There was a thread last year from a guy that wanted to do this with silicone & ?????  However not to be defeated on the problem I needed to find something that wasn't permanent and didn't require any drilling (not welders blankets). After watching a program about the space shuttle and speaking to my jeweller mate I had a eureka moment. I came up with an idea, if the shuttle can use heat proof tiles why cant I !. So I sourced from EBay jewellers heat proof soldering mats! They come in various sizes and prices but basically in 150mmx150x6mm blocks and are heat proof to 1800C. Now you will need a few of these and some may need to be trimmed but with the very small penny magnets set and glued into the back they are a great non permanent easy fix. You can of course cover them with tin foil for any debris that may get on them. You could glue them in place but magnets and gravity will do the trick me thinks.

Copyrights mine Lol!!!!!

Wat de ya recon???????????


----------



## smokin monkey (Jan 4, 2016)

Picture please Brian! [emoji]128248[/emoji][emoji]128248[/emoji][emoji]128248[/emoji]
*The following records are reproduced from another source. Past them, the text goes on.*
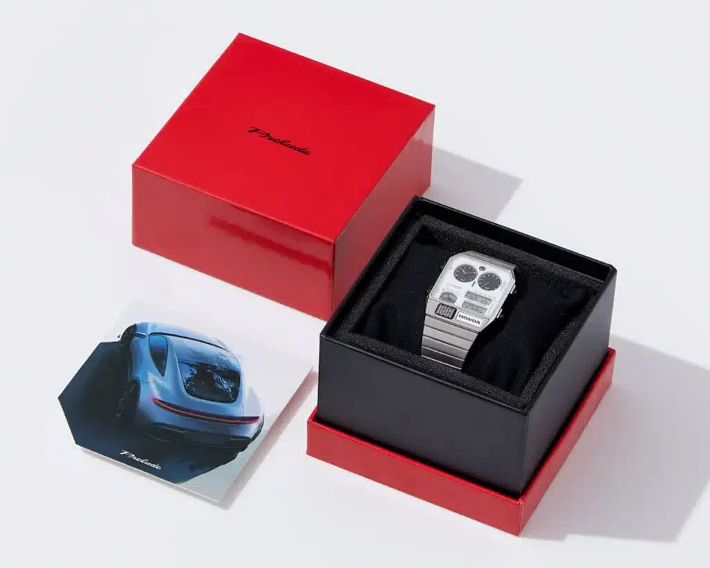 Branding is handled with relative restraint. Not like those dang Star Wars versions. The Honda “H” logo sits at 12 o’clock, and the wordmark appears on the lower right side of the dial. The solid caseback features the resurrected Prelude logo. It comes packaged in a red box with Prelude branding and an image of the new hybrid coupe, which feels more like a collector’s nod than a heavy-handed marketing push.
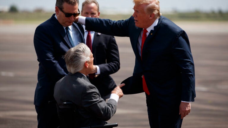 Texas Gov. Greg Abbott and Sen. Ted Cruz, both Republicans, greeted Trump after Air Force One landed at a Houston military base. Abbott joined Trump for the short ride in the presidential limousine to a Coast Guard hangar where the meeting took place.
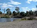 When Lake Wivenhoe is full the waters extend many kilometres up the river.[21] The first crossing upstream from the lake is a high level bridge built in conjunction with the dam to raise the Esk Kilcoy Road well above the maximum level of the lake. Several minor crossings of this section of the river shown on maps are omitted from the list below. The omitted crossings belong to one of the following groups:
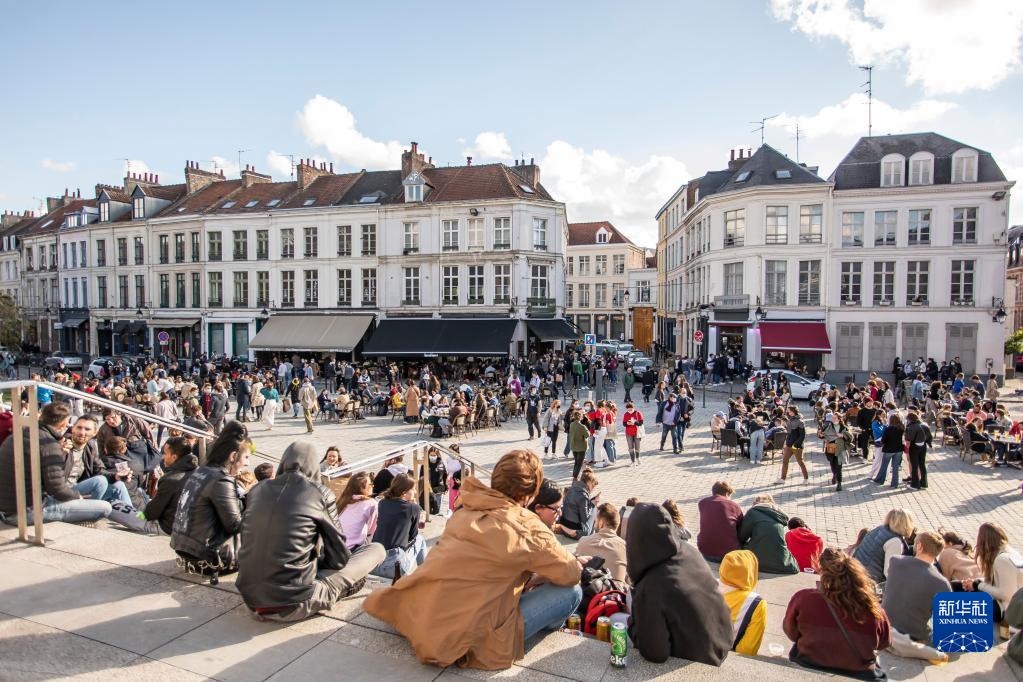 人們?cè)诜▏?guó)里爾市中心休閑(2021年5月19日攝)。新華社發(fā)(塞巴斯蒂安·庫(kù)爾吉攝)
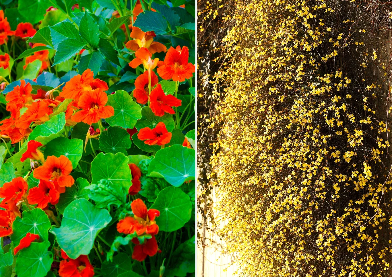 - Nasturcja pnąca to jednoroczna, silnie rosnąca roślina o charakterystycznych, wiotkich liściach. W sezonie może osiągnąć nawet 3 m wysokości. Zwykle czerwone kwiaty osiągają wielkość do 7 cm. Co interesujące, kwiaty nasturcji pnącej są jadalne i zawierają wiele witamin i minerałów, co oznacza, że są świetnym dodatkiem do wiosennych i letnich sałatek.
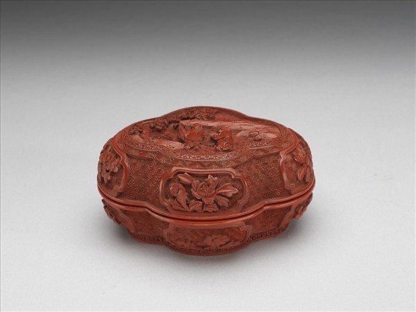 剔紅人物海棠花式盒
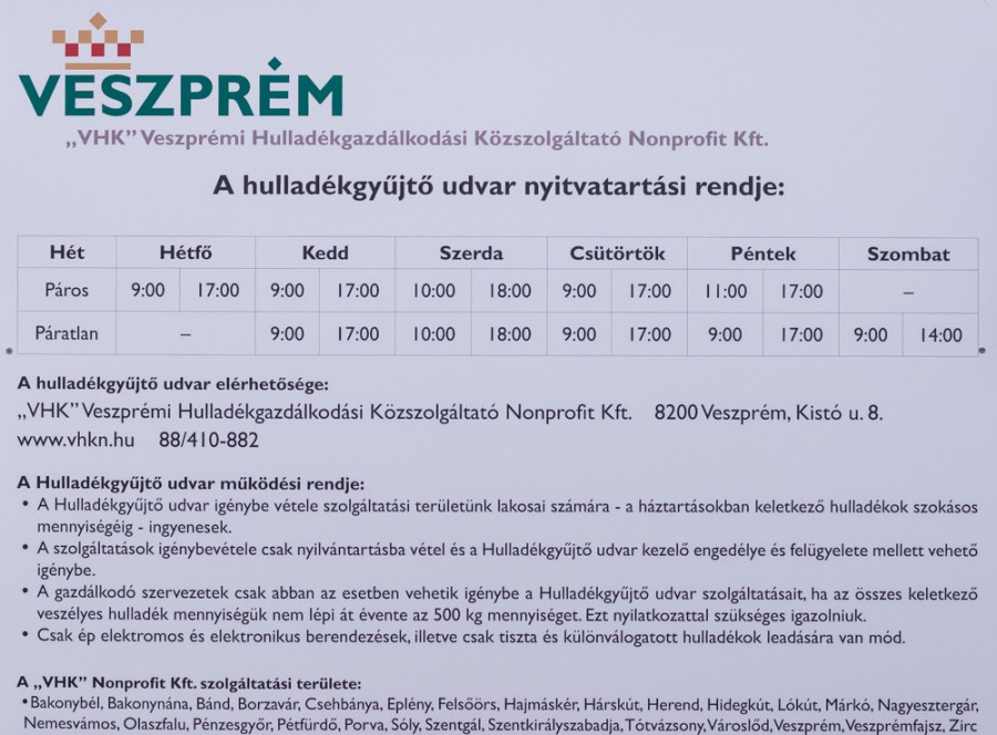 Temesvári Balázs vezérigazgató a megnyitón elmondta, hogy a beruházással egy évek óta várt, fontos, hiánypótló, és az Európai Unió környezetvédelmi normáit szem előtt tartó hulladékudvar nyílt Veszprémben.

Are these placed inside the bottom of the smoker?


----------



## kiska95 (Jan 4, 2016)

Yes in the bottom around the burn pot n up the angled sides
Not done it yet! lol !!


----------



## smokin monkey (Jan 4, 2016)

I started a thread similar to this last year. I was looking at using Vermiculit, the same as I used in that beer keg tandoori oven.


----------



## kiska95 (Jan 5, 2016)

Too messy!!!


----------